Finding a way to be part of the solution and not part of the problem — doing your part to free humanity from being ruled by big capital with little conscience– is a simple problem to solve. Find other people who are also fed up with a world where the only way to get a mainstream business job is to make somebody who is already rich even richer. Find people who are already building a world driven by ethics, not by what Amartya Sen calls ´pointless growth´[11]. Find a growth point near you and join it.
In later notes, as long as I remain alive and well, I will take up saving the planet, the coronavirus and other viruses, land tenure and other wicked property issues, and corruption.
[1] Julius Nyerere (1973) Ujamaa – Essays on Socialism. Oxford: Oxford University Press.

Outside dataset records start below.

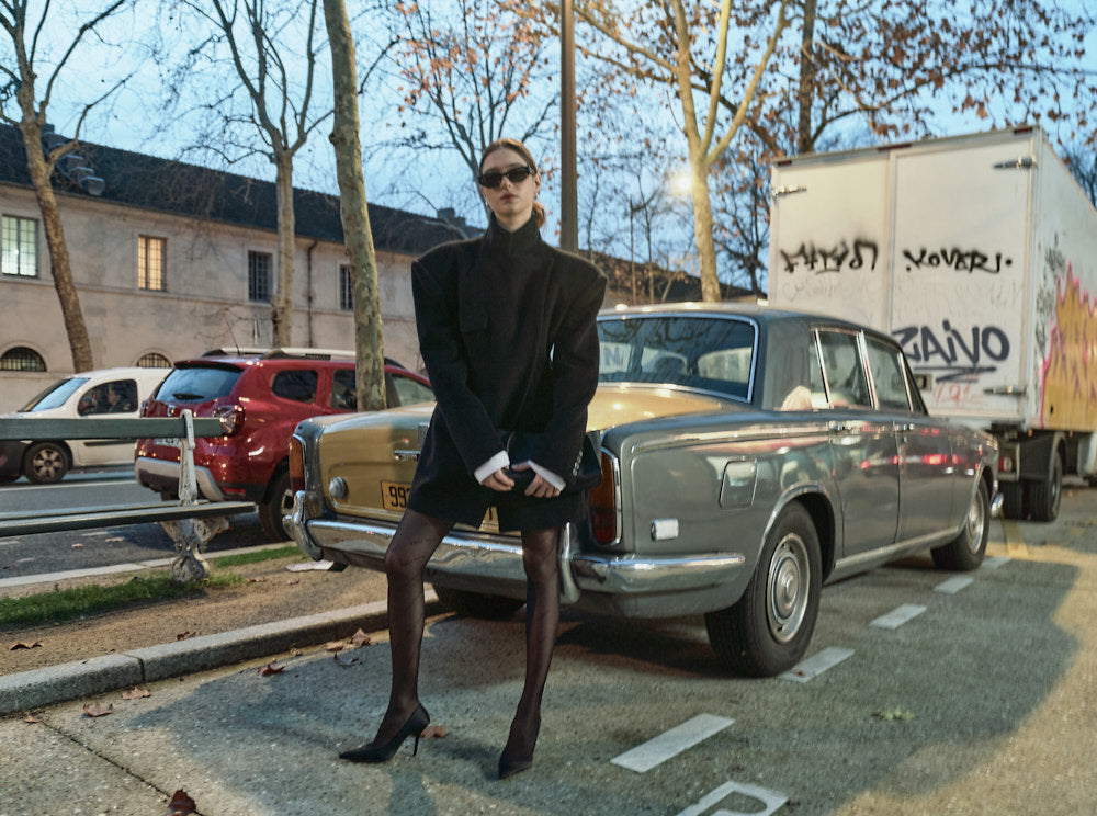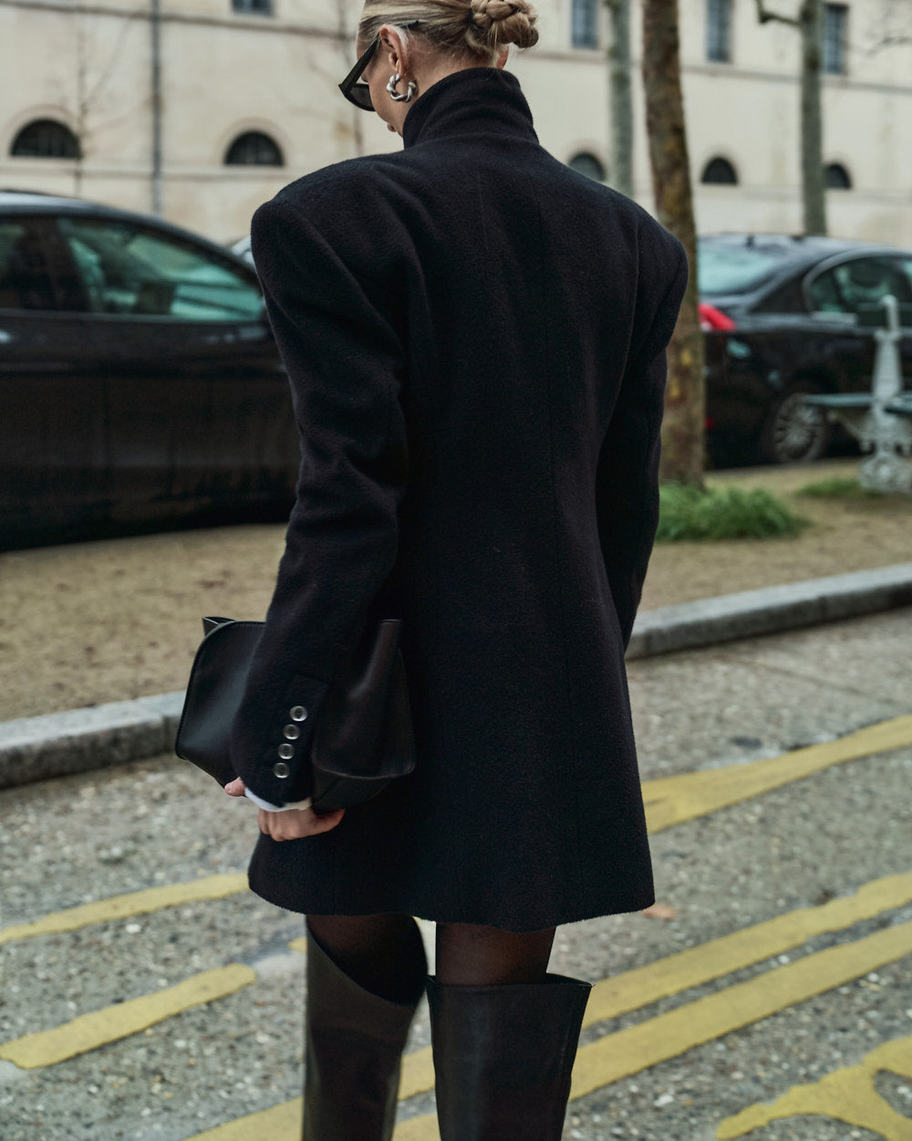 Model is 174cm tall and wearing size S in BLACK.
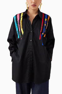 The Night Sky Embroidered Box Shirt is crafted from Studio Rigu's stunning Poplin fabrication. Made in our stunning tape and Swarovski Embroidery Detail this is a trend setting piece. Featuring a Boxy oversized shirt with full sleeves, this piece is versatile and easy to wear. It has a Regular collar and is paired with our Rover Topstitching Trousers. Pair it with heels for an elegant look
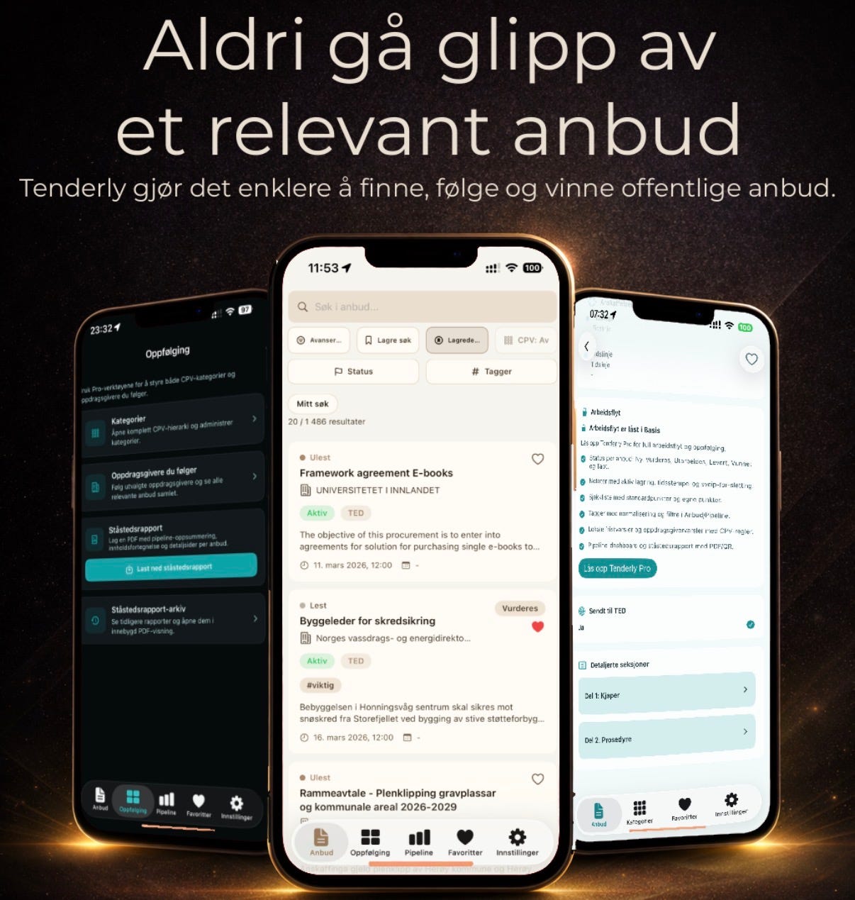 Tenderly er en app for å finne, følge opp og prioritere offentlige anbud.
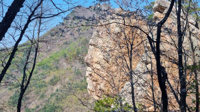 알기 쉬운 세(3) 코스 중 오늘 올라갔다 내려온 강선사 우측으로 비켜 올라가는 코스에는 무엇보다 가슴 설레는 짙푸른 북한강뷰를 가슴에, 눈에 가득가득 담을 수 있는 코스입니다. 좀 작지만 통천문을 지나가면 남향으로 자리 잡은 삼림욕장입니다. 나뭇가지 사이로 짙푸른 북한강뷰를 즐기며 삼림의 기운을 듬뿍 받을 수 있는 삼림욕장에서 잠시 쉬어가도 좋겠죠. 그리고 만나는 귕소는 바위산 정상 부근에 저만큼 큰 웅덩이(沼)가 있다니 믿어지지가 않습니다. 웅덩이에 물은 없었지만 물이 담길 수 있는 커다란 웅덩이가 바위산에 존재한다는 게 놀랍습니다. 드디어 눈에 번쩍 들어오는 '큰 바위 얼굴'!!, 감탄 아니할 수 없네요, 자연이 빚은 걸작품입니다. 더구나 이승만 초대 대통령 얼굴 모습이어서 '우남바위'로도 불리고 있어 더욱 신비롭기만 합니다.
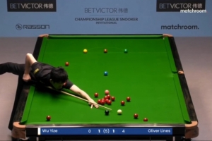斯諾克冠軍聯(lián)賽第六小組第一比賽日,中國球員吳宜澤3-1戰(zhàn)勝奧利弗·萊恩斯,第三局比賽,吳宜澤打出生涯首桿147。
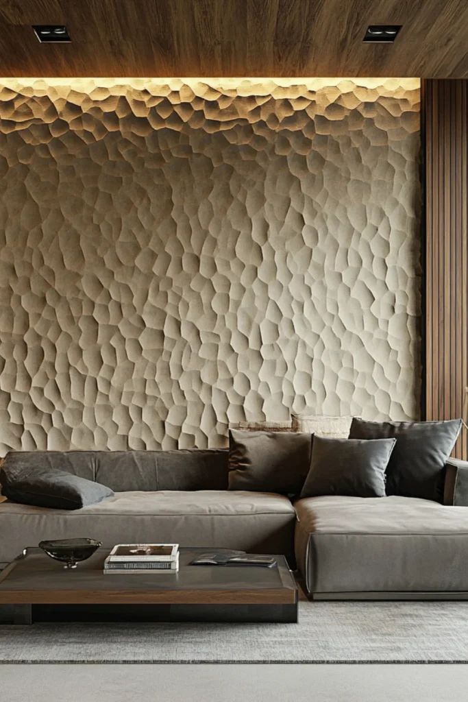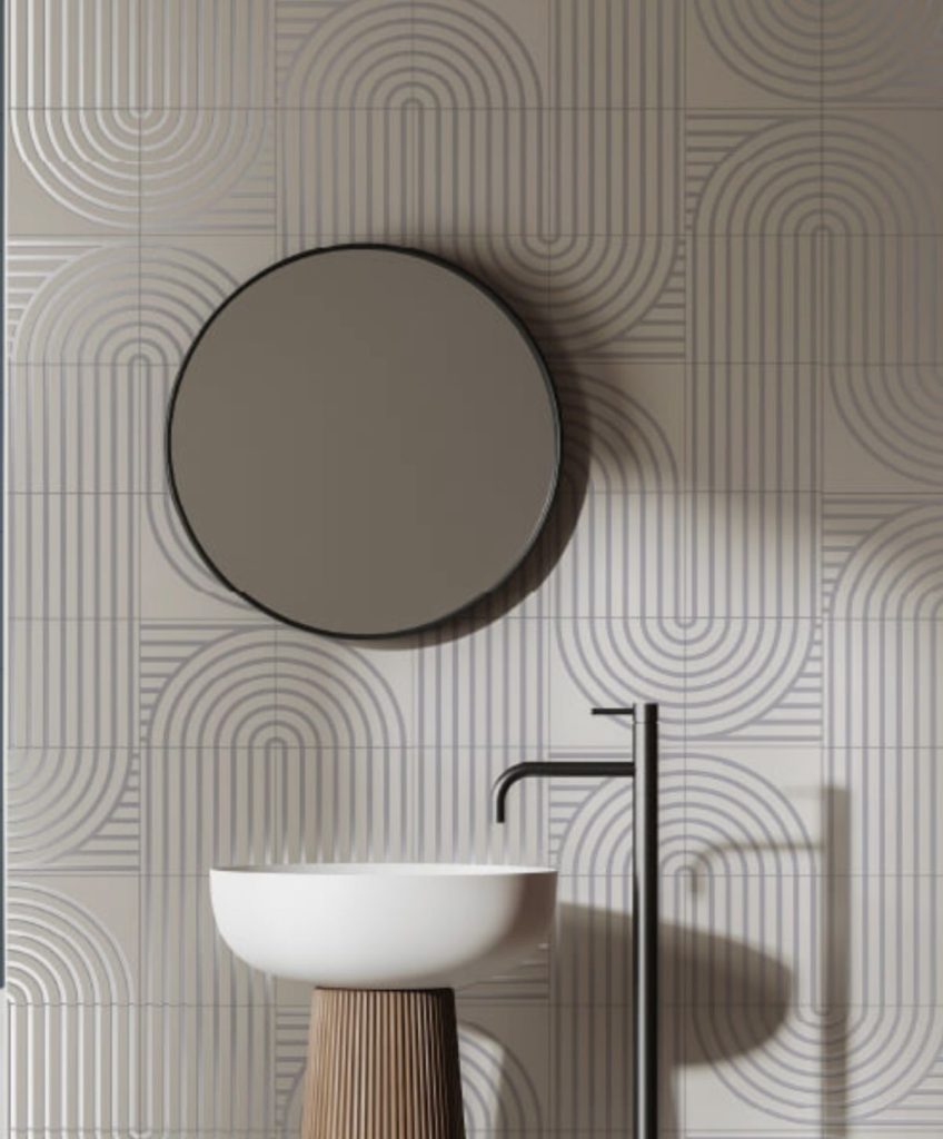 Gạch hoạ tiết nghệ thuật tông nâu – tạo mảng nhấn phòng khách rất “có gu”.Gạch vân đá/bê tông xám ốp mặt tiền – mạnh mẽ, sang kiểu kiến trúc hiện đại.

[2] David Ricardo (1817) Principles of Political Economy and Taxation. London: John Murray. See the beginning of chapter four, the chapter on wages. Smith writes, ´The demand for labour according as it happens to be increasing stationary or declining, or to require an increasing stationary or declining population, regulates the subsistence of the labourer…´ Wealth of Nations (1776) Kindle Edition, Position 13796. Digireads.com Publishing.
[3] Thomas Piketty (2015). The Economics of Inequality Cambridge MA: Harvard University Press
[4] Peter Diamandis and Steven Kotler (2012). Abundance: the future is better than you think. New York: Free Press.
[5] International Labour Office. (2017). World Employment Social Outlook. Geneva: International Labour Office.
[6] For exhaustive theoretical discussions see. Steve Keen (2001), Debunking Economics. London: Zed Books. The book is kept up to date on the author´s web site.
[7] Joanna Swanger, Catherine Hoppers and I are among those who believe, contrary to the views of authors like Yanis Varoufakis, Thomas Piketty, MMTers, Joseph Stiglitz and Robert Reich and in agreement with many feminists, post-Marxists, ecologists, Gandhians, and theologians that the cultural constitutive rules of western modernity need revision. Government intervention alone cannot correct market failure.
[8] John Kretzmann and John McKnight (1993) Building Communities from the Inside Out. Chicago: Institute for Policy Research
[9] Edgar S. Cahn. No More Throw Away People: the Co-Production Imperative Washington DC, Essential Books.
[10] caritas+con+la+economia+solidaria Google translate will help you if you are flummoxed by the Spanish.
[11] Amartya Sen (1999) Development as Freedom. New York: Alfred Knopf.